[Start of section]
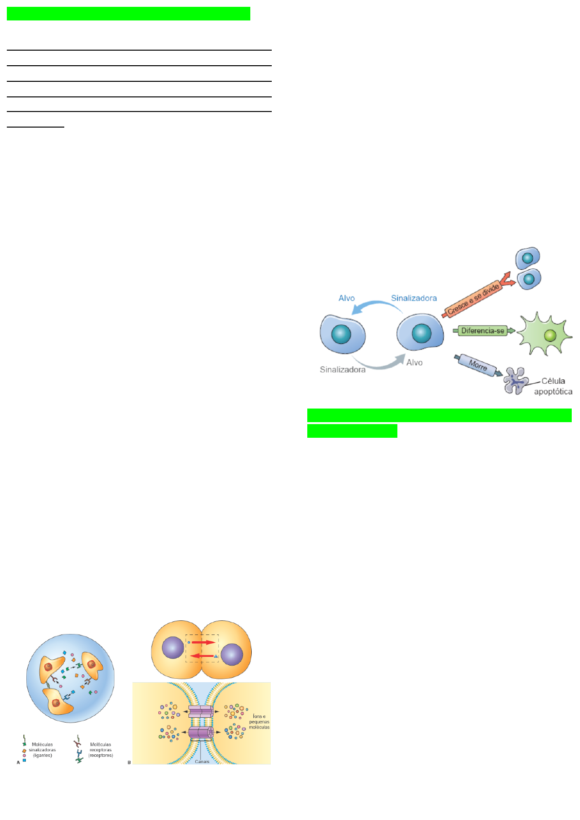 COMUNICAÇÃO E SINALIZAÇÃO CELULAR Comunicação celular é a capacidade que toda célula apresenta de processar as informações provenientes do seu meio ambiente ou de outras células e desenvolver uma atividade ou comportamento específico em resposta a esses estímulos. Toda informação que chega até a célula produz uma sequência específica de eventos intracelulares que induz uma resposta àquele dado inicial. Essa cascata de eventos intracelulares também é conhecida como sinalização celular. Por meio da comunicação e da sinalização celular, as células interagem com o meio ambiente e as outras células, modulando suas funções. A falta da comunicação celular é um sinal para as células saudáveis ativarem o mecanismo interno de morte celular programada (apoptose). A troca de informação entre as células pode ocorrer por meio de moléculas que se conectam com proteínas receptoras ou que atravessam canais existentes entre duas células. A forma mais comum de comunicação ocorre por meio de moléculas que se ligam aos receptores, também chamadas “moléculas sinalizadoras ou ligantes”, produzidas por células que enviarão a mensagem para outras células. Essas moléculas sinalizadoras poderão ser secretadas para o meio extracelular, agindo nas células-alvo próximas ou distantes, ou ainda, ser mantidas na superfície celular da célula sinalizadora, influenciando apenas as células adjacentes. Além dos processos que envolvem ligantes e receptores, algumas células comunicam-se diretamente por meio de moléculas que atravessam canais existentes entre células contíguas. Esses canais são constituídos por moléculas proteicas das membranas de duas células, em regiões intituladas junções comunicantes ou gap junctions. A comunicação entre as células ocorre nos dois sentidos, ou seja, as células que emitem sinais (células sinalizadoras) produzem os ligantes para as células que receberão os sinais (células-alvo), mas podem ser também alvo de sinais e vice-versa. A resposta da célula depende da integração de dois componentes: (1) dos sinais extracelulares recebidos em um momento específico, pois em um organismo multicelular uma célula individual pode receber múltiplos sinais simultaneamente; (2) do repertório de moléculas presentes na célula-alvo, incluindo os receptores e as moléculas sinalizadoras intracelulares. COMPONENTES BÁSICOS E ETAPAS DA COMUNICAÇÃO A comunicação celular que se inicia por meio de uma molécula sinalizadora apresenta alguns componentes fundamentais para que essa interação aconteça, como a presença de um ligante (um hormônio, um feromônio ou um neurotransmissor, por exemplo), produzido por uma célula sinalizadora e que encontrará uma célula-alvo. O ligante interage com um receptor específico localizado na célula-alvo, que pode estar na superfície da célula (na membrana plasmática) ou em seu interior (citoplasma ou núcleo). Toda informação que chega até a célula constitui uma sequência específica de eventos que acaba produzindo um resultado final, que é a resposta da célula àquele estímulo inicial. Essa cascata de eventos também é conhecida como sinalização celular, pois cada passo desse processo é um agente sinalizador para o início da próxima etapa. A comunicação celular, ou sinalização celular, produzida por um sinal extracelular envolve sete passos: (1) síntese da molécula sinalizadora; (2) liberação ou externalização da molécula sinalizadora; (3) transporte da molécula sinalizadora até a célula-alvo; (4) detecção do sinal por um receptor específico na célula-alvo; (5) ativação de uma cascata de sinalização intracelular; (6) resposta celular ao sinal recebido, podendo ser proliferação, alteração do metabolismo celular, síntese proteica, secreção, migração, diferenciação etc; (7) remoção do sinal e desligamento da sinalização, o que, geralmente, implica encerramento da resposta celular. A resposta da célula a um sinal depende da ligação da molécula ligante com um receptor proteico específico. A molécula sinalizadora encaixa-se em um sítio deste receptor e essa interação induz uma alteração conformacional no receptor, denominada “ativação do receptor”, que iniciará uma sequência de reações em cascata e resultará em uma resposta celular. A primeira molécula a sofrer essa alteração (o receptor) interage com uma segunda molécula, que se comunica com a molécula seguinte e assim por diante. Essa ativação atua amplificando o sinal. No fim dessa via de sinalização esse sinal alcançará moléculas encarregadas de executar a resposta celular final, por isso nomeadas “moléculas (ou proteínas) efetoras”. Como exemplo de moléculas efetoras, há os fatores de transcrição (que alterarão a expressão gênica), as proteínas do citoesqueleto (que mudarão a arquitetura e o padrão de adesão e migração celular. FOSFORILAÇÃO E ATIVAÇÃO DA CASCATA DE SINALIZAÇÃO Após a ativação do receptor pelo ligante, as proteínas sinalizadoras intracelulares e as efetoras são ativadas e/ou inativadas como se fossem “interruptores” que ligam ou desligam a sinalização iniciada. Esses interruptores são acionados processos de fosforilação–desfosforilação, que consistem na adição de um grupo fosfato a uma molécula e sua remoção, respectivamente. A adição de um grupo fosfato à cadeia lateral de uma proteína pode causar a alteração conformacional da proteína, promovendo sua ligação com outras moléculas intracelulares, e também pode tornar essa proteína reconhecível para outras proteínas, estimulando a interação e ativação. Na maioria das vezes, a fosforilação ocorre em resíduos de serina, treonina ou tirosina das proteínas, sendo, portanto, uma alteração pós-traducional, por ocorrer após a tradução (síntese) proteica. Nas vias de sinalização intracelulares, a fosforilação p
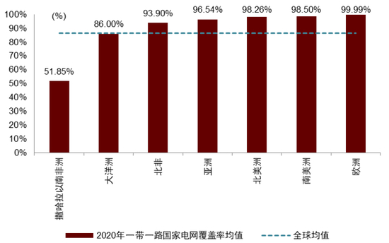 图表15:各地区一带一路国家电网覆盖率均值
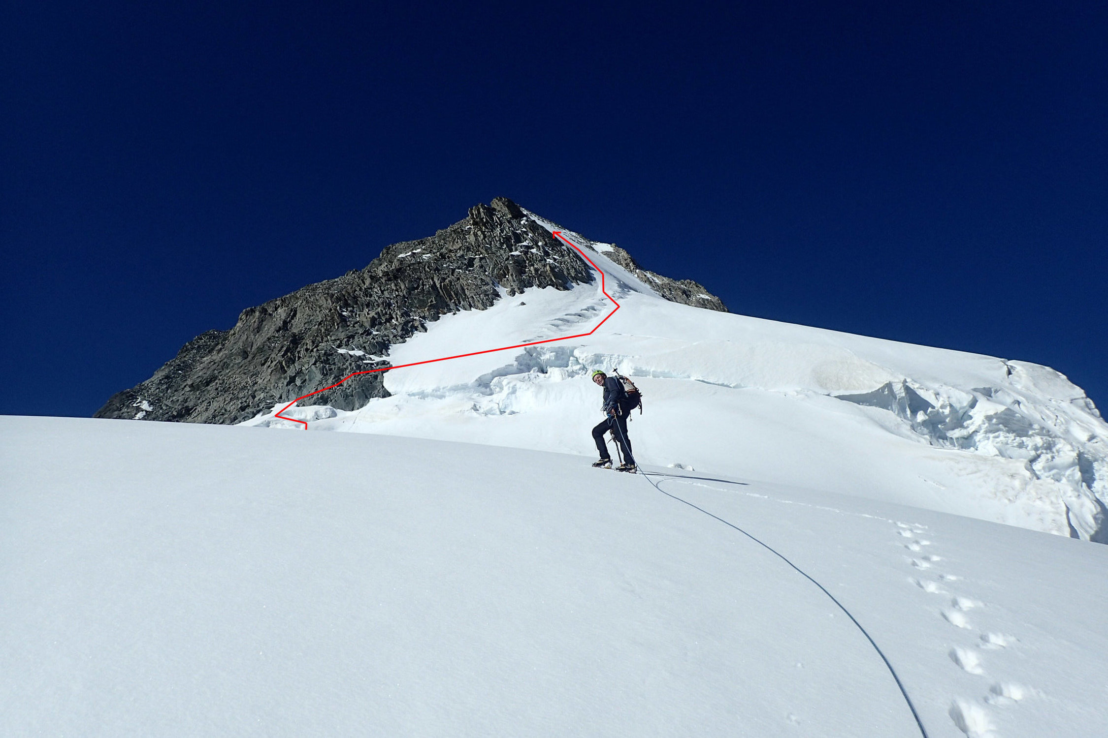 Der Bergschrund auf ca. 3600m weist nur noch eine dünne Schneebrücke auf, kann aber links in den Felsen umgangen werden. Dann guter Trittschnee/griffiger Firn bis in die Gipfelfelsen.
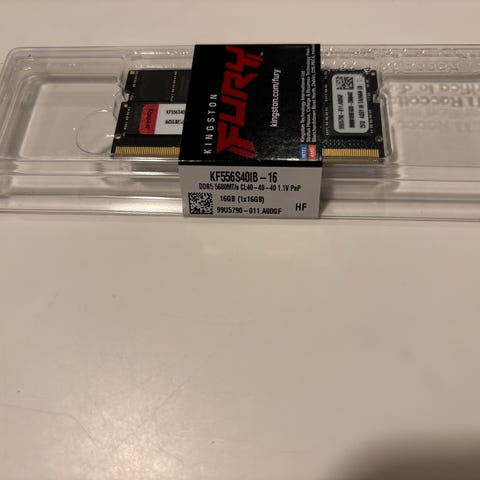 Jeg sælger disse 2*16GB Kingston Fury DDR5 RAM med 5200Mhz.
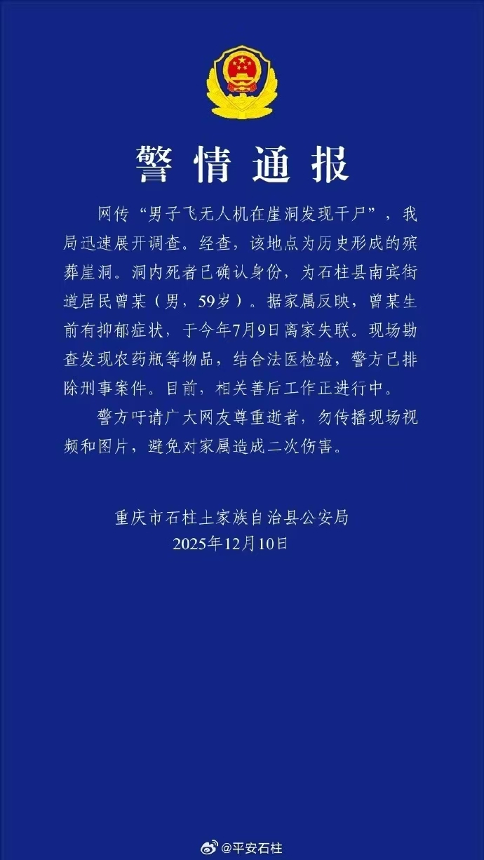 网传 “男人飞无东谈主机在崖洞发现干尸”,我局马上伸开打听。经查,该所在为历史形成的殡葬崖洞。洞内死者已阐明身份,为石柱县南宾街谈住户曾某(男,59 岁)。据家属响应,曾某生前有抑郁症状,于本年7月9日离家失联。现场勘查发现农药瓶等物品,谀媚法熟习,警方已排斥刑事案件。现在,关系善后责任正进行中。警方吁请弘远网友尊重死人,勿传播现场视频和图片,幸免对家属变成二次伤害。
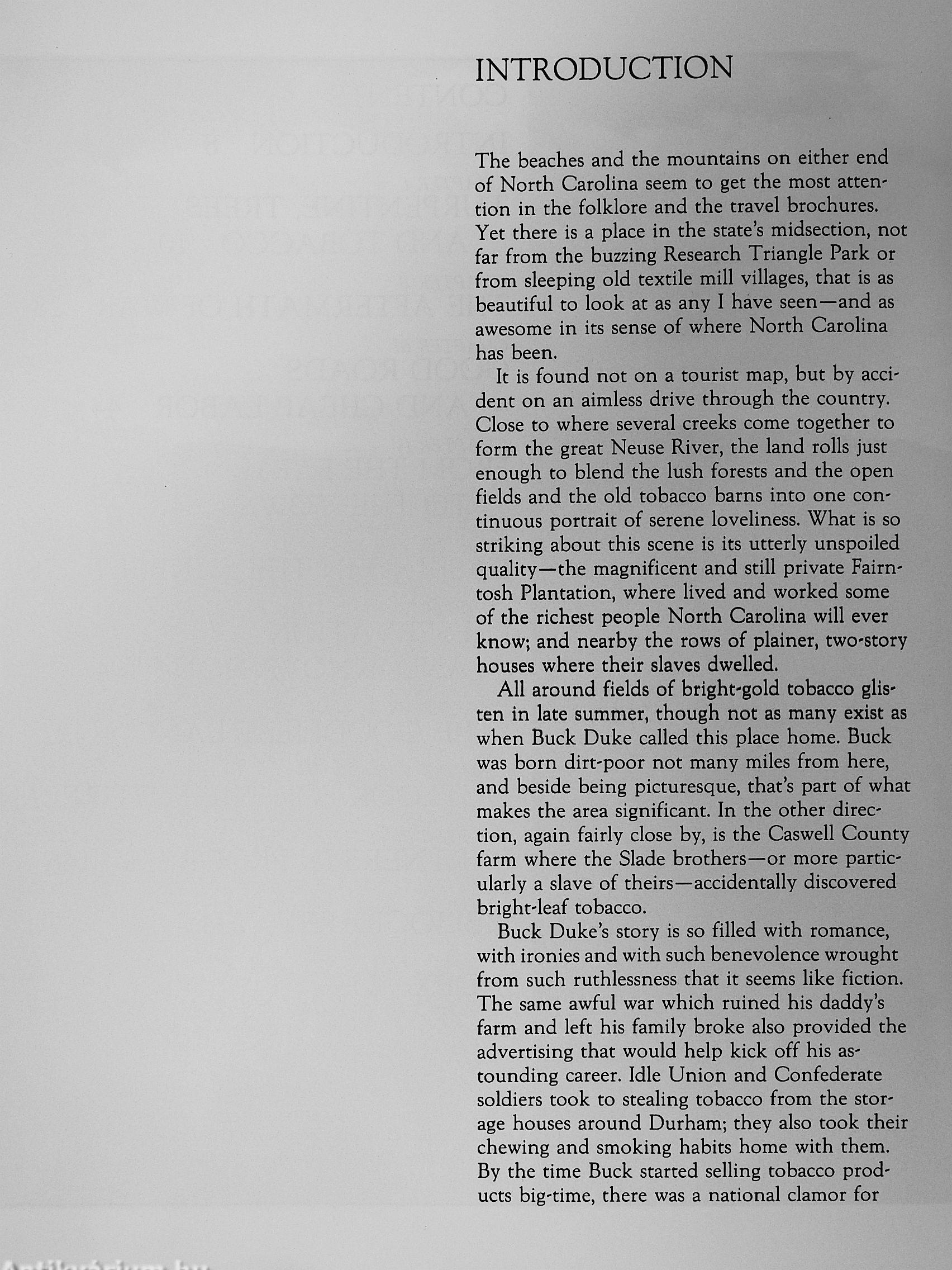 Tar Heel enterprise originally sprung from the land. Yet, natural wealth, combined with poor transportation, bolstered individual self-sufficiency at the expense of larger economic growth. Industrialization commenced only after early cotton millers saw their yarn return from the North as woven fabric—carrying a high price tag!
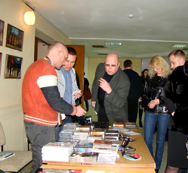 Олег Богомаз рассматривает диски с песнями Г. Лепса
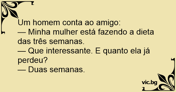 — Minha mulher está fazendo a dieta das três semanas.
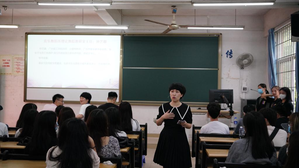 全艳老师为同学们介绍了韦德官方网站音乐舞蹈系的历史和团队,让同学更加深入地了解艺术公司音乐舞蹈系,并更好地融入这个大家庭。老师们进行了自我介绍并说明了自己所属专业的一些情况,这样不仅拉近了老师和同学们的距离,而且让同学们更加了解自己专业的情况。
[End of section]
A word-for-word copy of the records is required. Leave out every picture.

 COMUNICAÇÃO E SINALIZAÇÃO CELULAR Comunicação celular é a capacidade que toda célula apresenta de processar as informações provenientes do seu meio ambiente ou de outras células e desenvolver uma atividade ou comportamento específico em resposta a esses estímulos. Toda informação que chega até a célula produz uma sequência específica de eventos intracelulares que induz uma resposta àquele dado inicial. Essa cascata de eventos intracelulares também é conhecida como sinalização celular. Por meio da comunicação e da sinalização celular, as células interagem com o meio ambiente e as outras células, modulando suas funções. A falta da comunicação celular é um sinal para as células saudáveis ativarem o mecanismo interno de morte celular programada (apoptose). A troca de informação entre as células pode ocorrer por meio de moléculas que se conectam com proteínas receptoras ou que atravessam canais existentes entre duas células. A forma mais comum de comunicação ocorre por meio de moléculas que se ligam aos receptores, também chamadas “moléculas sinalizadoras ou ligantes”, produzidas por células que enviarão a mensagem para outras células. Essas moléculas sinalizadoras poderão ser secretadas para o meio extracelular, agindo nas células-alvo próximas ou distantes, ou ainda, ser mantidas na superfície celular da célula sinalizadora, influenciando apenas as células adjacentes. Além dos processos que envolvem ligantes e receptores, algumas células comunicam-se diretamente por meio de moléculas que atravessam canais existentes entre células contíguas. Esses canais são constituídos por moléculas proteicas das membranas de duas células, em regiões intituladas junções comunicantes ou gap junctions. A comunicação entre as células ocorre nos dois sentidos, ou seja, as células que emitem sinais (células sinalizadoras) produzem os ligantes para as células que receberão os sinais (células-alvo), mas podem ser também alvo de sinais e vice-versa. A resposta da célula depende da integração de dois componentes: (1) dos sinais extracelulares recebidos em um momento específico, pois em um organismo multicelular uma célula individual pode receber múltiplos sinais simultaneamente; (2) do repertório de moléculas presentes na célula-alvo, incluindo os receptores e as moléculas sinalizadoras intracelulares. COMPONENTES BÁSICOS E ETAPAS DA COMUNICAÇÃO A comunicação celular que se inicia por meio de uma molécula sinalizadora apresenta alguns componentes fundamentais para que essa interação aconteça, como a presença de um ligante (um hormônio, um feromônio ou um neurotransmissor, por exemplo), produzido por uma célula sinalizadora e que encontrará uma célula-alvo. O ligante interage com um receptor específico localizado na célula-alvo, que pode estar na superfície da célula (na membrana plasmática) ou em seu interior (citoplasma ou núcleo). Toda informação que chega até a célula constitui uma sequência específica de eventos que acaba produzindo um resultado final, que é a resposta da célula àquele estímulo inicial. Essa cascata de eventos também é conhecida como sinalização celular, pois cada passo desse processo é um agente sinalizador para o início da próxima etapa. A comunicação celular, ou sinalização celular, produzida por um sinal extracelular envolve sete passos: (1) síntese da molécula sinalizadora; (2) liberação ou externalização da molécula sinalizadora; (3) transporte da molécula sinalizadora até a célula-alvo; (4) detecção do sinal por um receptor específico na célula-alvo; (5) ativação de uma cascata de sinalização intracelular; (6) resposta celular ao sinal recebido, podendo ser proliferação, alteração do metabolismo celular, síntese proteica, secreção, migração, diferenciação etc; (7) remoção do sinal e desligamento da sinalização, o que, geralmente, implica encerramento da resposta celular. A resposta da célula a um sinal depende da ligação da molécula ligante com um receptor proteico específico. A molécula sinalizadora encaixa-se em um sítio deste receptor e essa interação induz uma alteração conformacional no receptor, denominada “ativação do receptor”, que iniciará uma sequência de reações em cascata e resultará em uma resposta celular. A primeira molécula a sofrer essa alteração (o receptor) interage com uma segunda molécula, que se comunica com a molécula seguinte e assim por diante. Essa ativação atua amplificando o sinal. No fim dessa via de sinalização esse sinal alcançará moléculas encarregadas de executar a resposta celular final, por isso nomeadas “moléculas (ou proteínas) efetoras”. Como exemplo de moléculas efetoras, há os fatores de transcrição (que alterarão a expressão gênica), as proteínas do citoesqueleto (que mudarão a arquitetura e o padrão de adesão e migração celular. FOSFORILAÇÃO E ATIVAÇÃO DA CASCATA DE SINALIZAÇÃO Após a ativação do receptor pelo ligante, as proteínas sinalizadoras intracelulares e as efetoras são ativadas e/ou inativadas como se fossem “interruptores” que ligam ou desligam a sinalização iniciada. Esses interruptores são acionados processos de fosforilação–desfosforilação, que consistem na adição de um grupo fosfato a uma molécula e sua remoção, respectivamente. A adição de um grupo fosfato à cadeia lateral de uma proteína pode causar a alteração conformacional da proteína, promovendo sua ligação com outras moléculas intracelulares, e também pode tornar essa proteína reconhecível para outras proteínas, estimulando a interação e ativação. Na maioria das vezes, a fosforilação ocorre em resíduos de serina, treonina ou tirosina das proteínas, sendo, portanto, uma alteração pós-traducional, por ocorrer após a tradução (síntese) proteica. Nas vias de sinalização intracelulares, a fosforilação p
 图表15:各地区一带一路国家电网覆盖率均值
 Der Bergschrund auf ca. 3600m weist nur noch eine dünne Schneebrücke auf, kann aber links in den Felsen umgangen werden. Dann guter Trittschnee/griffiger Firn bis in die Gipfelfelsen.
 Jeg sælger disse 2*16GB Kingston Fury DDR5 RAM med 5200Mhz.
 网传 “男人飞无东谈主机在崖洞发现干尸”,我局马上伸开打听。经查,该所在为历史形成的殡葬崖洞。洞内死者已阐明身份,为石柱县南宾街谈住户曾某(男,59 岁)。据家属响应,曾某生前有抑郁症状,于本年7月9日离家失联。现场勘查发现农药瓶等物品,谀媚法熟习,警方已排斥刑事案件。现在,关系善后责任正进行中。警方吁请弘远网友尊重死人,勿传播现场视频和图片,幸免对家属变成二次伤害。
 Tar Heel enterprise originally sprung from the land. Yet, natural wealth, combined with poor transportation, bolstered individual self-sufficiency at the expense of larger economic growth. Industrialization commenced only after early cotton millers saw their yarn return from the North as woven fabric—carrying a high price tag!
 Олег Богомаз рассматривает диски с песнями Г. Лепса
 — Minha mulher está fazendo a dieta das três semanas.
 全艳老师为同学们介绍了韦德官方网站音乐舞蹈系的历史和团队,让同学更加深入地了解艺术公司音乐舞蹈系,并更好地融入这个大家庭。老师们进行了自我介绍并说明了自己所属专业的一些情况,这样不仅拉近了老师和同学们的距离,而且让同学们更加了解自己专业的情况。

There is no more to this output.